Acquired Factors: In these instances, the structure of plasma cholinesterase is normal but its activity is reduced. Thus, neuromuscular block is prolonged by only minutes rather than hours. Causes of reduced plasma cholinesterase activity include:
liver disease, because of reduced enzyme synthesis.
carcinomatosis and starvation, also because of reduced enzyme synthesis.
pregnancy, for two reasons: an increased circulating volume (dilutional effect) and decreased enzyme synthesis.
anticholinesterases, including those used to reverse residual neuromuscular block after a non-depolarizing muscle relaxant (e.g. neostigmine or edrophonium); these drugs inhibit plasma cholinesterase in addition to acetylcholinesterase. The organophosphorus compound ecothiopate, once used topically as a miotic in ophthalmology, is also an anticholinesterase.
other drugs which are metabolized by plasma cholinesterase, and which therefore decrease its availability, include etomidate, propanidid, ester local anaesthetics, anti-cancer drugs such as methotrexate, monoamine oxidase inhibitors and esmolol (the short-acting β-blocker).
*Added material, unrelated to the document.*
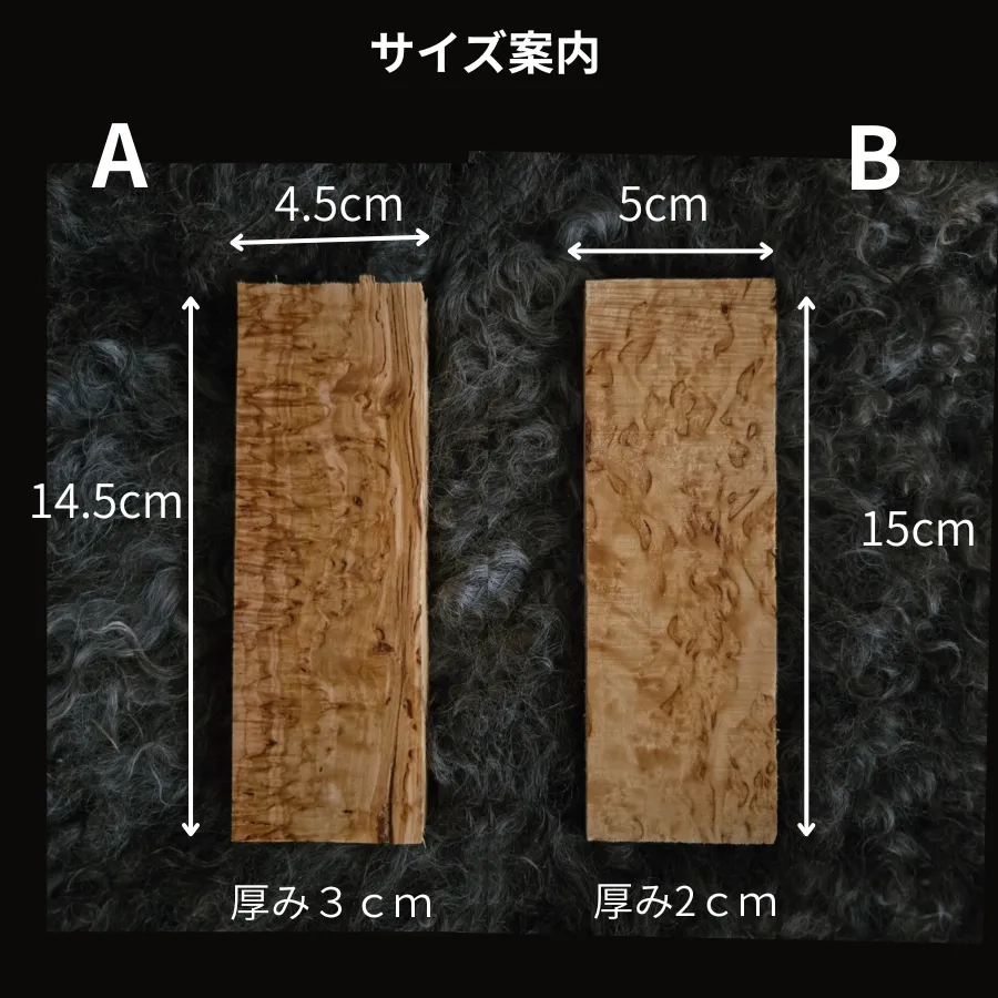 【こんな方におすすめ】 - ウッドカービングを始めたい方 - ナイフハンドル材を探している方 - 杢目の美しさを活かした作品を作りたい方 - 北欧・自然素材好きなクラフト作家 ※ご注意 - 杢目の個性を理由とした返品・交換は承っておりません。 - 木材のみの販売となります。 - 天然素材のため、かけ、傷などある場合がございます あなたの手で、世界にひとつだけの作品を。カーリーバーチの美しさを、ぜひ彫り出してください。

cardiopulmonary bypass, plasmapheresis.
Side-Effects of Succinylcholine
Muscle Pains: These occur especially in the patient who is ambulant soon after surgery, such as the day-case patient. The pains, thought possibly to be caused by the initial fasciculations, are more common in young, healthy patients with a large muscle mass. They occur in unusual sites, such as the diaphragm and between the scapulae, and are not relieved easily by conventional analgesics. The incidence and severity may be reduced by the use of a small dose of a non-depolarizing muscle relaxant given immediately before administration of succinylcholine, e.g. gallamine 10 mg (which is thought to be most efficacious in this respect) or atracurium 2.5 mg. However, this technique, termed pre-curarization or pretreatment, reduces the potency of succinylcholine, necessitating administration of a larger dose to produce the same effect. Many other drugs have been used in an attempt to reduce the muscle pains, including lidocaine, calcium, magnesium and repeated doses of thiopental, but none is completely reliable.
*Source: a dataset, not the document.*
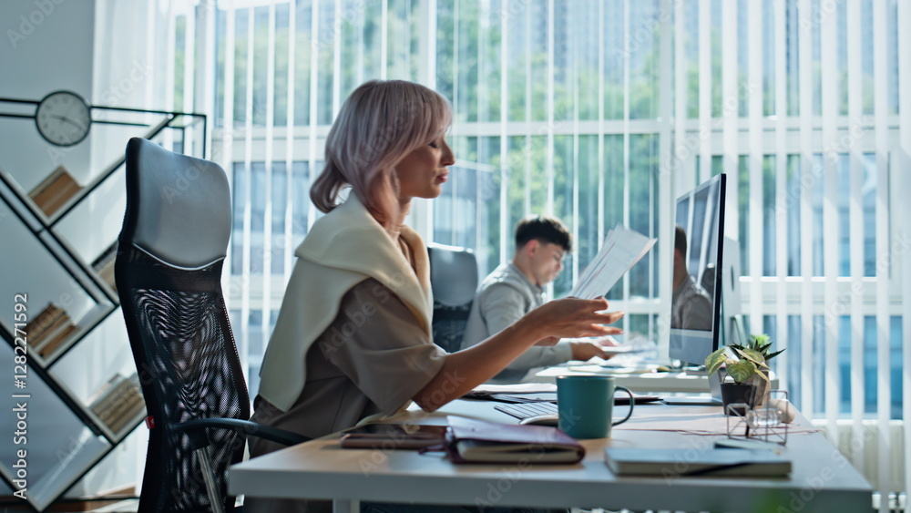 Positive woman looking documents at coworking space. Manager working at office

Increased Intraocular Pressure: This is thought to be caused partly by the initial contraction of the external ocular muscles and contracture of the internal ocular muscles after administration of succinylcholine. It is not reduced by pre-curarization. The effect lasts for as long as the neuromuscular block and concern has been expressed that it may be sufficient to cause expulsion of the vitreal contents in the patient with an open eye injury. This is unlikely. Protection of the airway from gastric contents must take priority in the patient with a full stomach in addition to an eye injury, as inhalation of gastric contents may threaten life.
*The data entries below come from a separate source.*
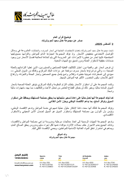 تابعت مجموعة هائل سعيد أنعم وشركاه باهتمام الانخفاضات المفاجئة في أسعار الصرف، والمطالبات المشروعة في وسائل التواصل الاجتماعي بتخفيض الأسعار. وإذ تؤكد المجموعة انحيازها الدائم للمواطن والتزامها بمسؤوليتها المجتمعية، فإنها تحذر من خطورة الإجراءات غير المدروسة التي يتم اتخاذها لمعالجة قضايا الأسعار دون وجود ضمانات حقيقية لاستقرار العملة ودون تنسيق مع الجهات المعنية.
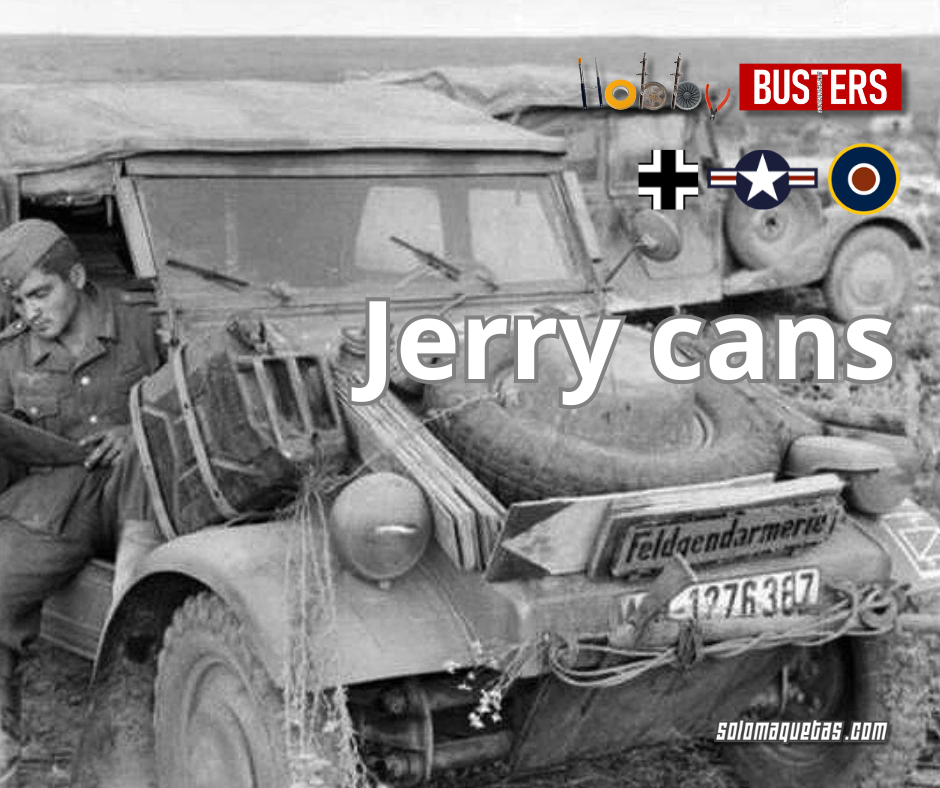 Los ingleses pintaban los jerry cans para agua, para su identificación, con blanco debajo de las asas y las zonas de bajo relieve de los laterales
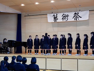 本日は「第2回 芸術祭」が開催されました。午前中は各クラスによる課題曲と自由曲の合唱発表、午後は文化部の成果発表・報告が行われました。アリーナには、この日のため朝や放課後に時間を見つけ練習を重ねてきた生徒たちの歌声や演奏が響き渡りました。クラス・部活それぞれの魅力や意気込みが存分に発揮された発表となりました。(担当:事務)

Increased Intragastric Pressure: In the presence of a normal lower oesophageal sphincter, the increase in intragastric pressure produced by succinylcholine should be insufficient to produce regurgitation of gastric contents. However, in the patient with incompetence of this sphincter from, for example, hiatus hernia, regurgitation may occur.
Hyperkalaemia: It has long been recognized that administration of succinylcholine during halothane anaesthesia increases the serum potassium concentration by 0.5 mmol L–1. This effect is thought to be caused by muscle fasciculation. It is probable that the effect is less marked with the newer potent inhalational agents, e.g. isoflurane, sevoflurane. A similar increase occurs in patients with renal failure, but as these patients may already have an elevated serum potassium concentration, such an increase may precipitate cardiac irregularities and even cardiac arrest.